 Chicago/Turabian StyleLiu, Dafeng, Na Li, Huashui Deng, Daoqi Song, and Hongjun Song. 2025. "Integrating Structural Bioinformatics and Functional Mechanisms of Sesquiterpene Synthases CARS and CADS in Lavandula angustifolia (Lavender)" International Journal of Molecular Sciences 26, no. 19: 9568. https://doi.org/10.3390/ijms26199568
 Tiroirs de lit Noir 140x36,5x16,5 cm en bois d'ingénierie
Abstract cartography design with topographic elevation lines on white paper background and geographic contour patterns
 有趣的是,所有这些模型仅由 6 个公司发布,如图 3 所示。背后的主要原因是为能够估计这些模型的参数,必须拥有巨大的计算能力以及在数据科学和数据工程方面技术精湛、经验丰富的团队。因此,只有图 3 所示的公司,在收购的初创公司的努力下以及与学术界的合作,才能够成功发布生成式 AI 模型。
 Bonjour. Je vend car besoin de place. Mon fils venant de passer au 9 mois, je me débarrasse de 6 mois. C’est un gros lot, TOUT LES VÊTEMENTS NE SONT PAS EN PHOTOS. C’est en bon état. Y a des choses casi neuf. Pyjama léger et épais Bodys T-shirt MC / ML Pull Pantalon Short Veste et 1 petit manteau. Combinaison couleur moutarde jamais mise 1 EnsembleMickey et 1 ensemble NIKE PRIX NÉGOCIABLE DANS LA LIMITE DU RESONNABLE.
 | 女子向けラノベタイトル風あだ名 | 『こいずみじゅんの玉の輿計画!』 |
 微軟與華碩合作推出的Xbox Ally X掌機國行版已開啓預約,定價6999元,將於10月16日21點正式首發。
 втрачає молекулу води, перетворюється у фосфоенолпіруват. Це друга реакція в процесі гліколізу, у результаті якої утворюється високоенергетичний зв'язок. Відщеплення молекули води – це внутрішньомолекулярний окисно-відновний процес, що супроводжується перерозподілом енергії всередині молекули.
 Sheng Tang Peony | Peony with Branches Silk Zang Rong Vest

------------------------------------------------------------------------

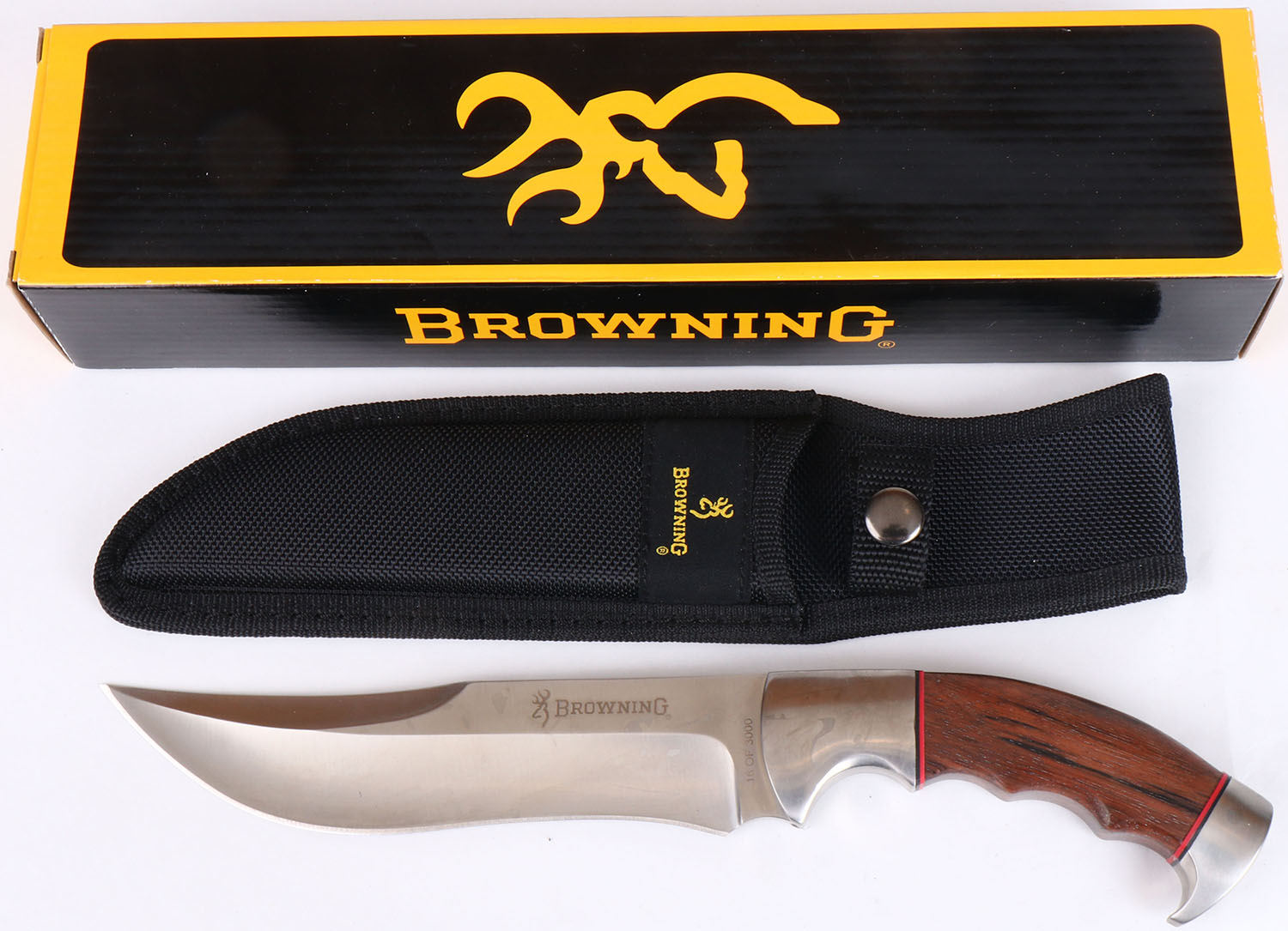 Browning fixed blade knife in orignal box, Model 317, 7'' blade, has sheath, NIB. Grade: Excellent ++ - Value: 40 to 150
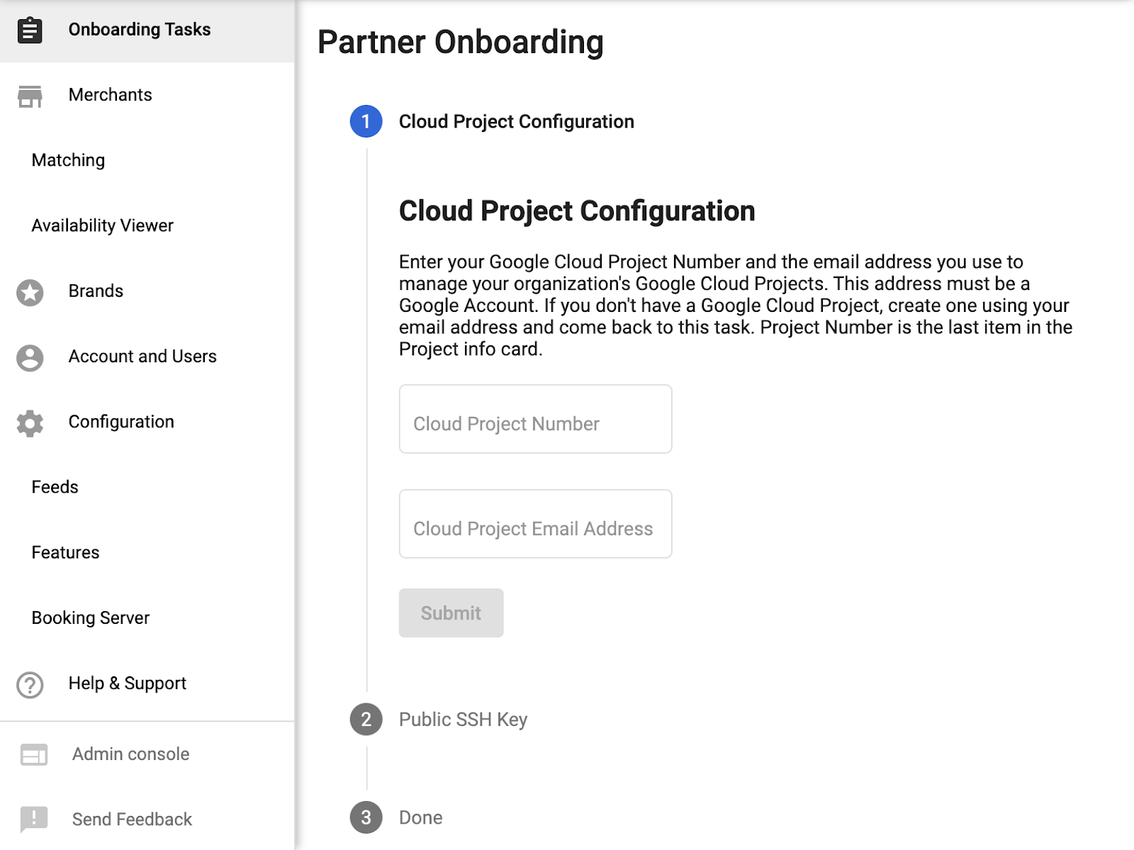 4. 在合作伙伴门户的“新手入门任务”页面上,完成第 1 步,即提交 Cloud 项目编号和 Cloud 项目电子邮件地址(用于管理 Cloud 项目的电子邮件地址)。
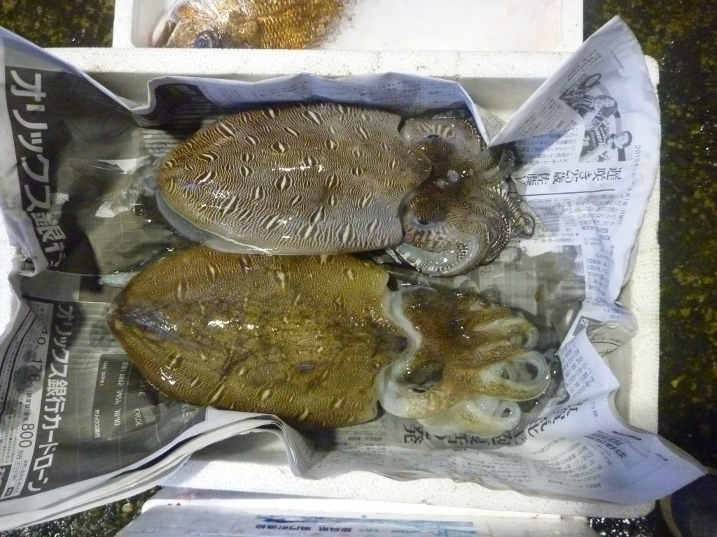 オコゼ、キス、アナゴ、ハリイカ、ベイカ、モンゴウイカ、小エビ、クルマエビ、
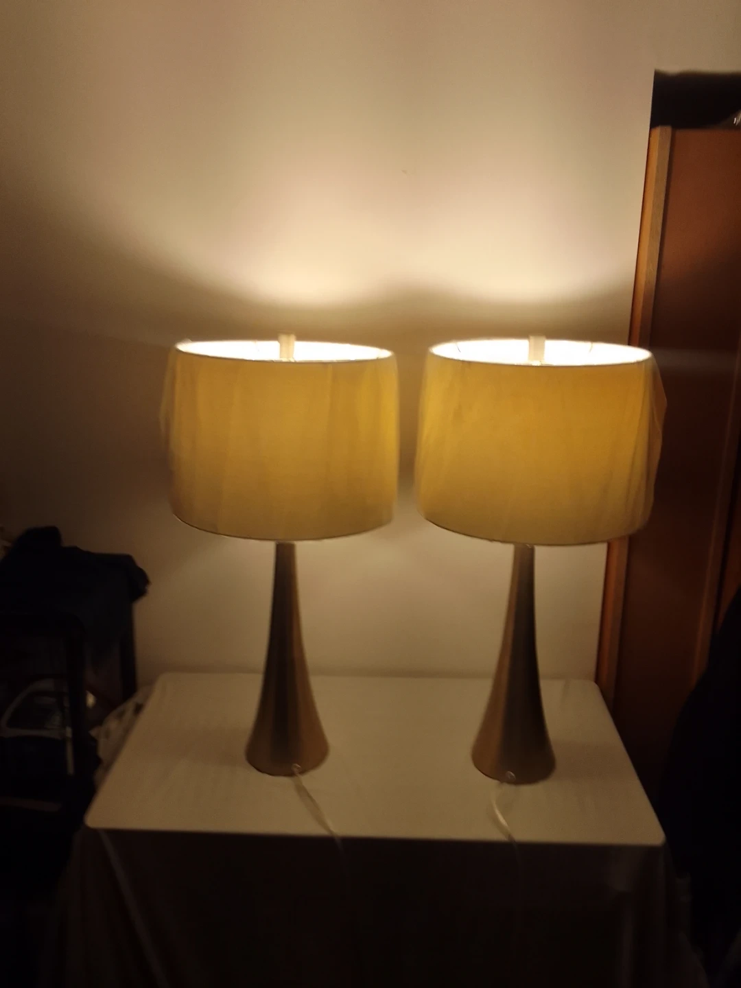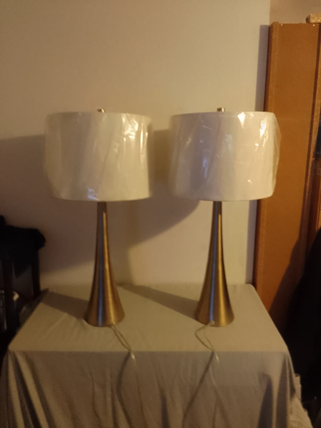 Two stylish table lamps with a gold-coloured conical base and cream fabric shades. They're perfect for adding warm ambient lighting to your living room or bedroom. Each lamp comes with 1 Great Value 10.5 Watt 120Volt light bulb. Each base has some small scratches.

------------------------------------------------------------------------

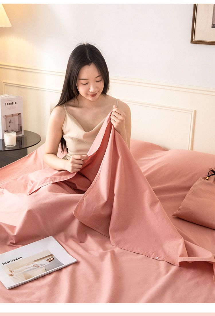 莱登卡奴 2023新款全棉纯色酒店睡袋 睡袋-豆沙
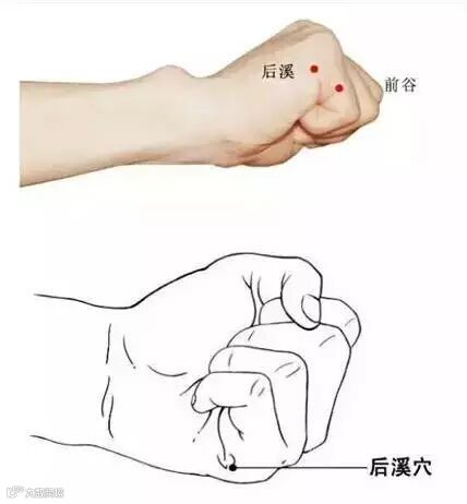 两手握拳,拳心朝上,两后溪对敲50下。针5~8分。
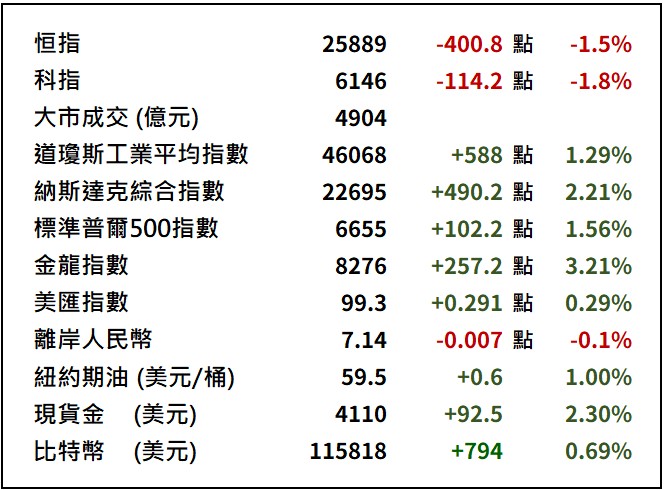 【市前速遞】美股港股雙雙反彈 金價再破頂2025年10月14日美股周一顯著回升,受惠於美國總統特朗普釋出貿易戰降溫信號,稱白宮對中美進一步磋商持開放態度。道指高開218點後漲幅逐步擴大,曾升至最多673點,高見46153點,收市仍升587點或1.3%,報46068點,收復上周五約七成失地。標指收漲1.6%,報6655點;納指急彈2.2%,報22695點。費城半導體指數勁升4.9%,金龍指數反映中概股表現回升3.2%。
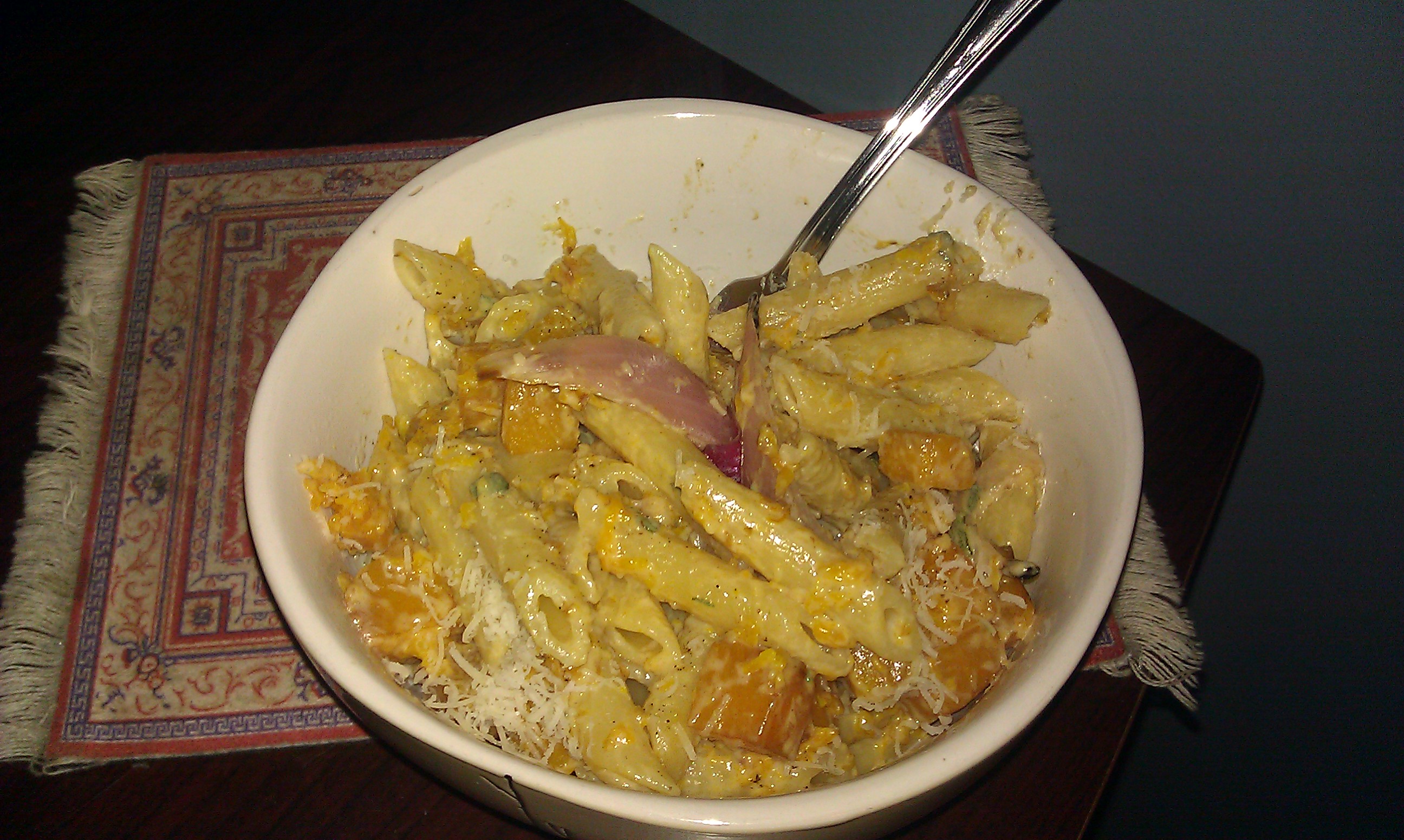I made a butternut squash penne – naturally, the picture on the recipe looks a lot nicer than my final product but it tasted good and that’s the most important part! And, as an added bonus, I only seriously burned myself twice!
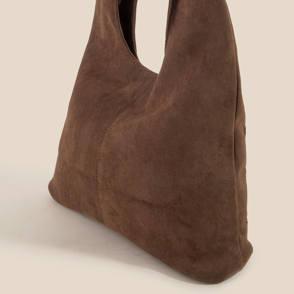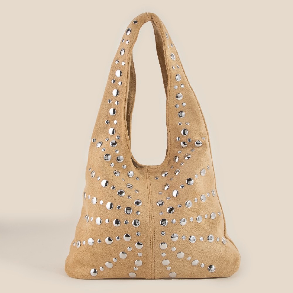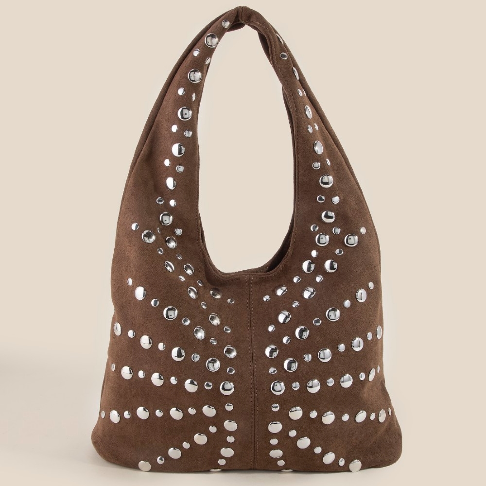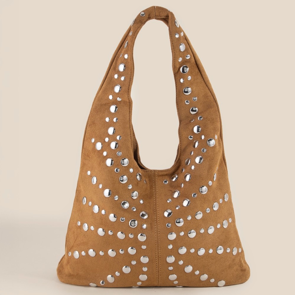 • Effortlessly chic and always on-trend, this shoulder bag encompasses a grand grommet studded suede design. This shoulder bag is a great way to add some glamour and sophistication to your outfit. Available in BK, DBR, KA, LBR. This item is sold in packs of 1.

------------------------------------------------------------------------

TASK:
Please give an exact copy of the entries above, from the line with "втрачає молекулу води, перетворюється" down to the line with "Sheng Tang Peony", inclusive, and nothing else.

WRITTEN ANSWER:
 втрачає молекулу води, перетворюється у фосфоенолпіруват. Це друга реакція в процесі гліколізу, у результаті якої утворюється високоенергетичний зв'язок. Відщеплення молекули води – це внутрішньомолекулярний окисно-відновний процес, що супроводжується перерозподілом енергії всередині молекули.
 Sheng Tang Peony | Peony with Branches Silk Zang Rong Vest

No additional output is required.